**Records provided**
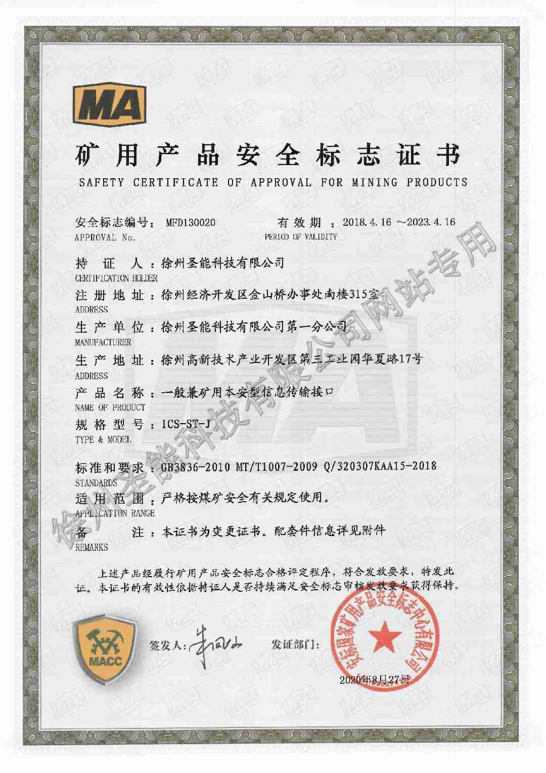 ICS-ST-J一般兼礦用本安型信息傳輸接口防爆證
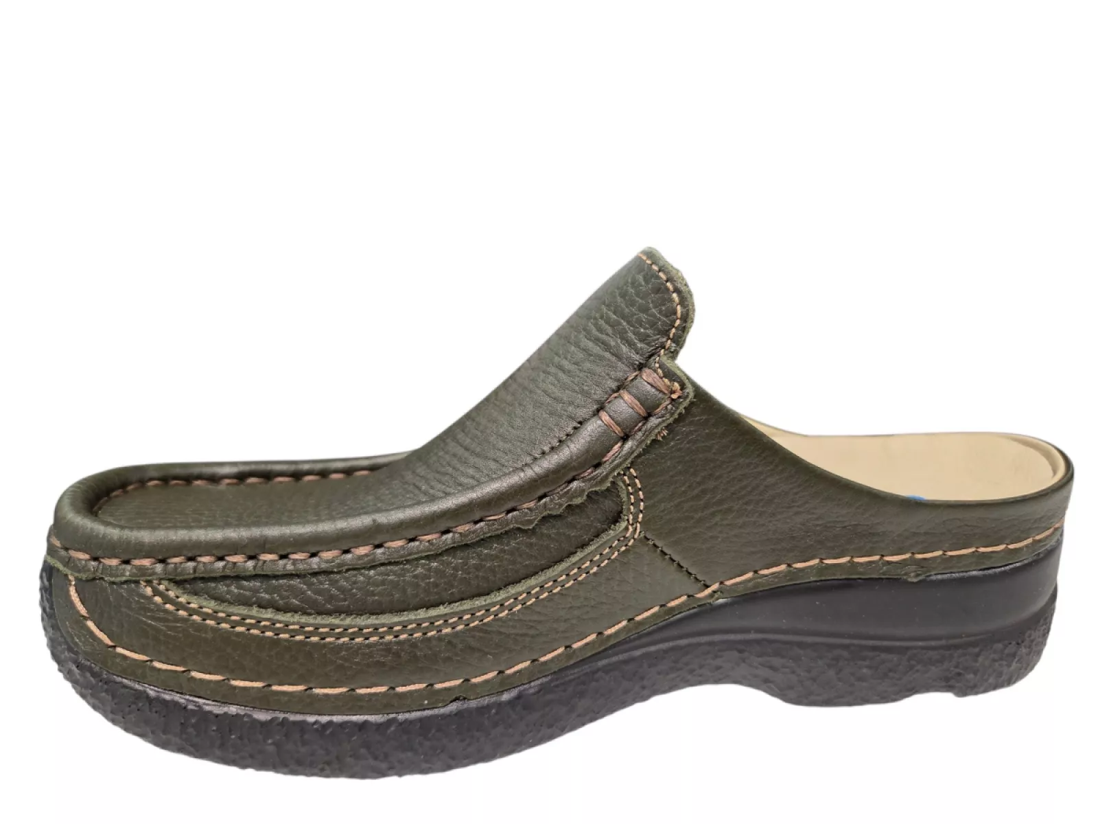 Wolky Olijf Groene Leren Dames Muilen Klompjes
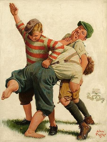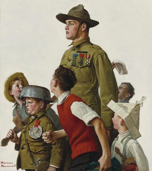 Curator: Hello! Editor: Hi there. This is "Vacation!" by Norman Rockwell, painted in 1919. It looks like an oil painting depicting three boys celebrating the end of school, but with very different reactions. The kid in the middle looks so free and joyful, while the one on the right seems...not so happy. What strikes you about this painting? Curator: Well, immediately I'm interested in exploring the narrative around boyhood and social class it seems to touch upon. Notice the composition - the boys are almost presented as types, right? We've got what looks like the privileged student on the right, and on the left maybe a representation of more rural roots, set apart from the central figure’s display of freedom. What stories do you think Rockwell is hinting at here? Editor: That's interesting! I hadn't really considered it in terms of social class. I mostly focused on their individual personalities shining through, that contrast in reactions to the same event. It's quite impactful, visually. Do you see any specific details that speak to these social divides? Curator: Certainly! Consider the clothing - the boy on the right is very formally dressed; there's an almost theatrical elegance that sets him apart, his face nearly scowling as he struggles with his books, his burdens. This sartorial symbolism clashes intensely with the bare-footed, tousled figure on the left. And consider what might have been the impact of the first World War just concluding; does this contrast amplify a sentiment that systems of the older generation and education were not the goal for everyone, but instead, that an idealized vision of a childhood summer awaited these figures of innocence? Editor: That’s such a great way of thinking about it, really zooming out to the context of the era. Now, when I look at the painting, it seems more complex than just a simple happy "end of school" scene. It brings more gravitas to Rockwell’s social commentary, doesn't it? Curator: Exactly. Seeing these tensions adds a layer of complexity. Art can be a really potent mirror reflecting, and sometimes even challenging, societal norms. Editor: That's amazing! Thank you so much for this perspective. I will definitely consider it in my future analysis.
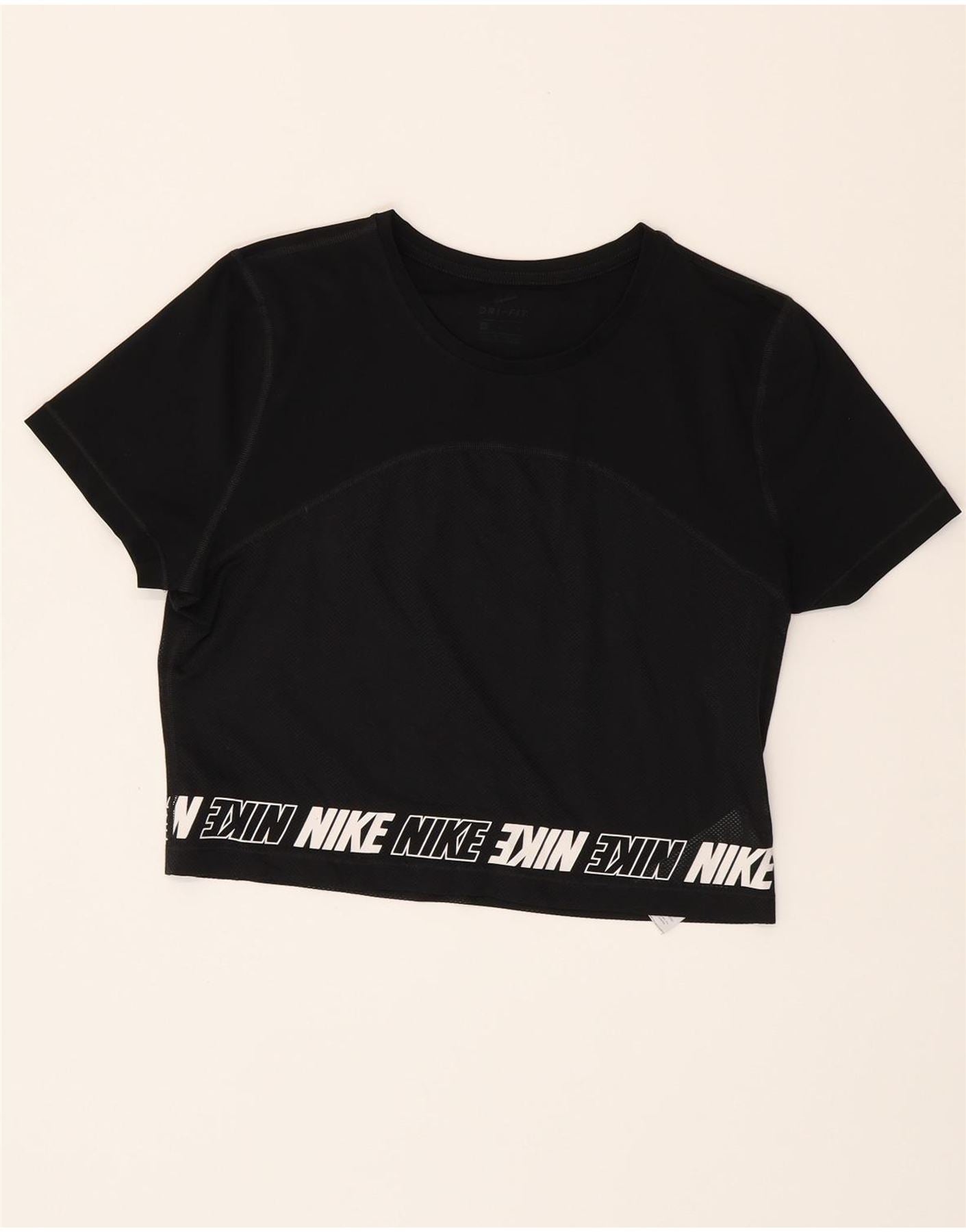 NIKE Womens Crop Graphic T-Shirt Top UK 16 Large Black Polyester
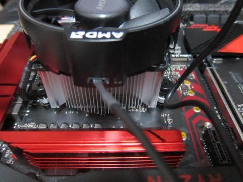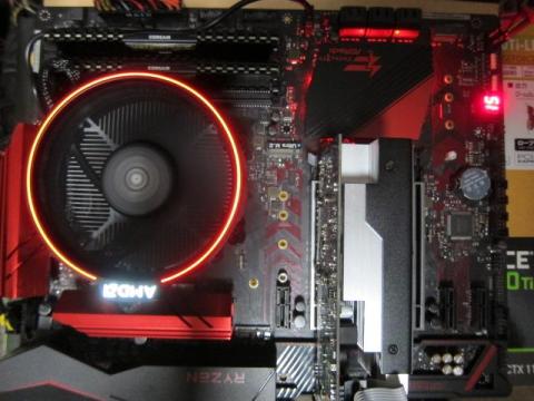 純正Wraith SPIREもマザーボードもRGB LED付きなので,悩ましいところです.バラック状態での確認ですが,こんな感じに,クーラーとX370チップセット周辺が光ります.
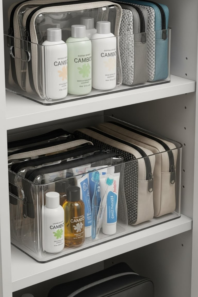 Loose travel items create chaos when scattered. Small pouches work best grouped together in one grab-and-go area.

...

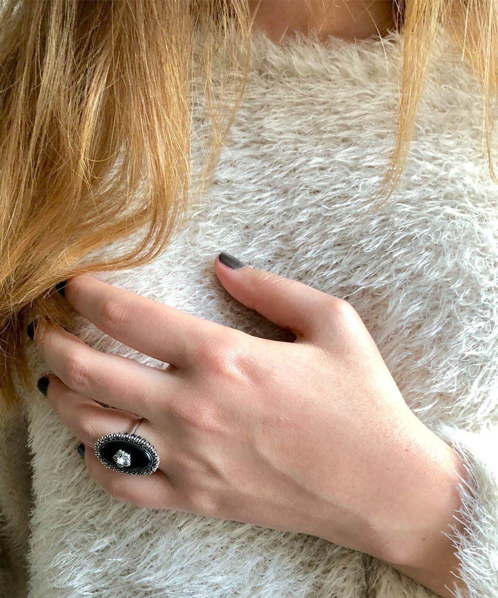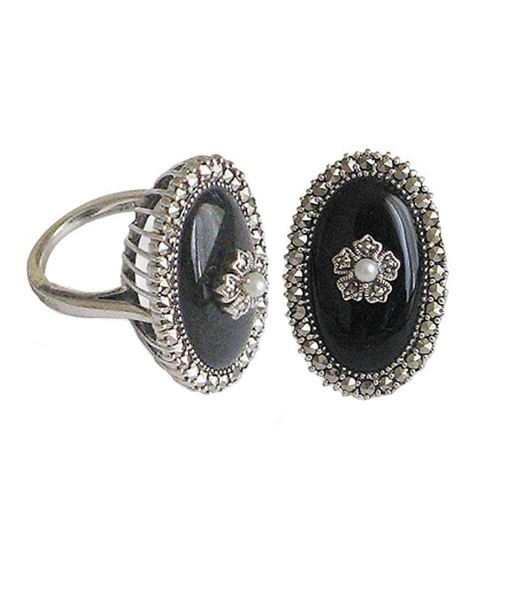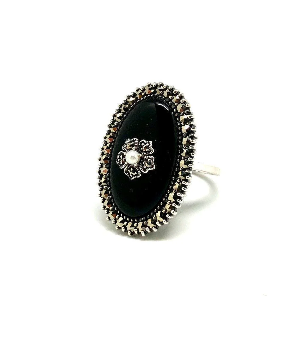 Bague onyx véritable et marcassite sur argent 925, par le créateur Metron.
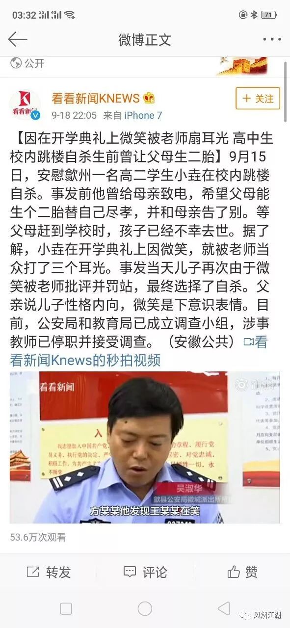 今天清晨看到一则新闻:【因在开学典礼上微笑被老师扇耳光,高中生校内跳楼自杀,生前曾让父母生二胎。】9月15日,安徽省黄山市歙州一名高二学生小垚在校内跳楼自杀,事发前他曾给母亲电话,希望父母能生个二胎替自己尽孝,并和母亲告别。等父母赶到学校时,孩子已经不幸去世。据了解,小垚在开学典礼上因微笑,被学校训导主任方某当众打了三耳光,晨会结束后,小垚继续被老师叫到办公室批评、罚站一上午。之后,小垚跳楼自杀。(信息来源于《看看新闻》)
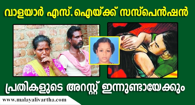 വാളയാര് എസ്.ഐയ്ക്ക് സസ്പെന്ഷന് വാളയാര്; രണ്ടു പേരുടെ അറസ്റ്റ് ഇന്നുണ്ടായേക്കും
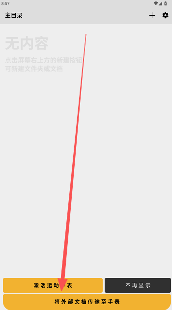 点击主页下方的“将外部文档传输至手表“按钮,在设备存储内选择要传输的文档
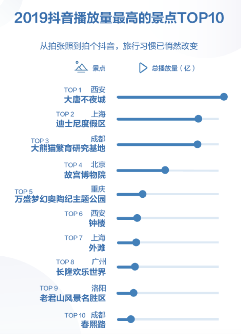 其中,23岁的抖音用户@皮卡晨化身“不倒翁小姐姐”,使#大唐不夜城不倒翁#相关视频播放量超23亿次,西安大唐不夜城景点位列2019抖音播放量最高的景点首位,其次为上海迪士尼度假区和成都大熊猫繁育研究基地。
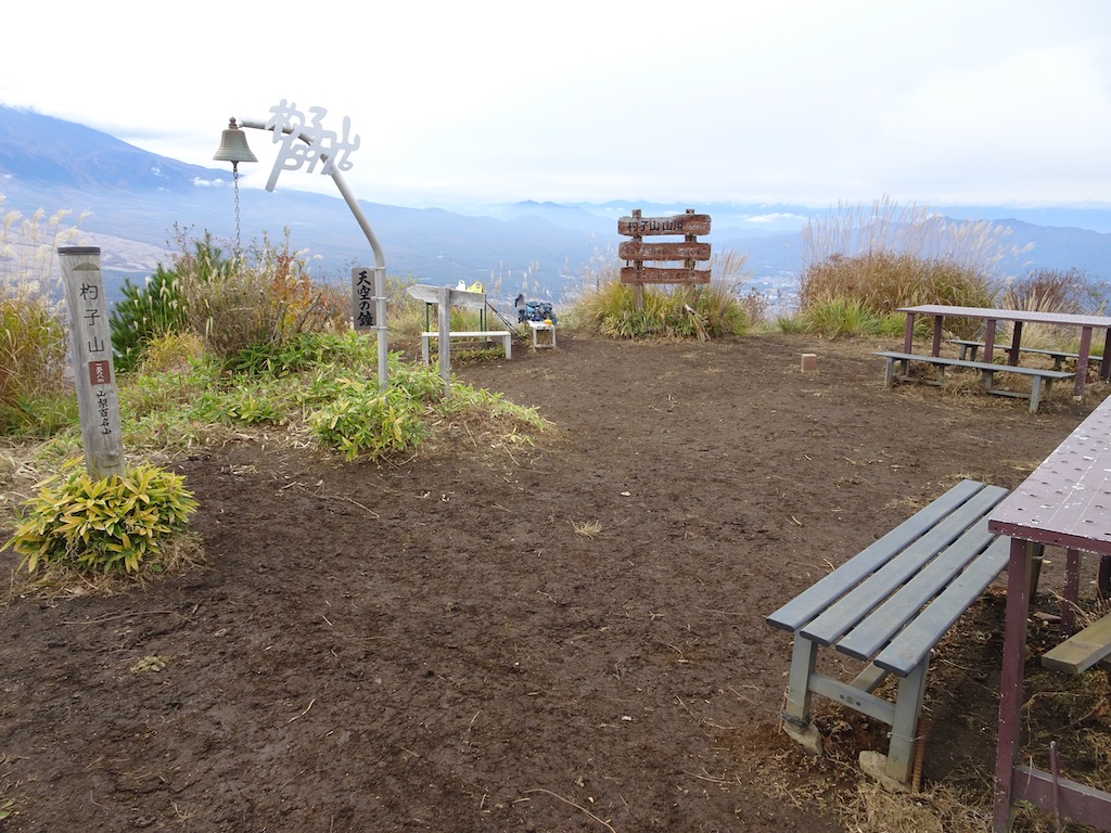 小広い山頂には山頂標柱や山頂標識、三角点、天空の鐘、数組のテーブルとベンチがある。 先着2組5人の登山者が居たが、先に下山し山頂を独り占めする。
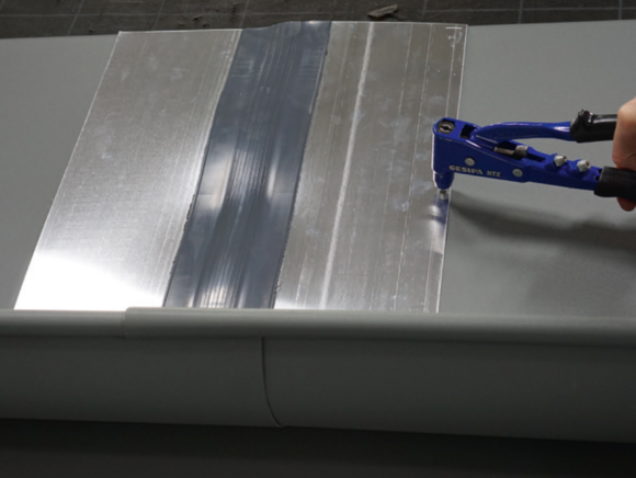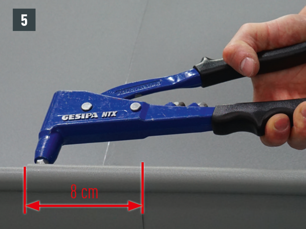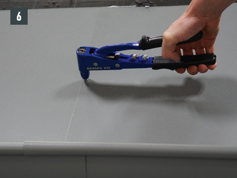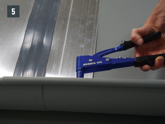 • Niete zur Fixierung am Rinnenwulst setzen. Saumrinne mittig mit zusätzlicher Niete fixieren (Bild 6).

**Directions**
Each line above that falls between the line with "今天清晨看到一则新闻:【因在" and the line with "fixieren (Bild 6)." should be printed exactly, together with those two lines, but the pictures should not.

**Your solution**
 今天清晨看到一则新闻:【因在开学典礼上微笑被老师扇耳光,高中生校内跳楼自杀,生前曾让父母生二胎。】9月15日,安徽省黄山市歙州一名高二学生小垚在校内跳楼自杀,事发前他曾给母亲电话,希望父母能生个二胎替自己尽孝,并和母亲告别。等父母赶到学校时,孩子已经不幸去世。据了解,小垚在开学典礼上因微笑,被学校训导主任方某当众打了三耳光,晨会结束后,小垚继续被老师叫到办公室批评、罚站一上午。之后,小垚跳楼自杀。(信息来源于《看看新闻》)
 വാളയാര് എസ്.ഐയ്ക്ക് സസ്പെന്ഷന് വാളയാര്; രണ്ടു പേരുടെ അറസ്റ്റ് ഇന്നുണ്ടായേക്കും
 点击主页下方的“将外部文档传输至手表“按钮,在设备存储内选择要传输的文档
 其中,23岁的抖音用户@皮卡晨化身“不倒翁小姐姐”,使#大唐不夜城不倒翁#相关视频播放量超23亿次,西安大唐不夜城景点位列2019抖音播放量最高的景点首位,其次为上海迪士尼度假区和成都大熊猫繁育研究基地。
 小広い山頂には山頂標柱や山頂標識、三角点、天空の鐘、数組のテーブルとベンチがある。 先着2組5人の登山者が居たが、先に下山し山頂を独り占めする。
 • Niete zur Fixierung am Rinnenwulst setzen. Saumrinne mittig mit zusätzlicher Niete fixieren (Bild 6).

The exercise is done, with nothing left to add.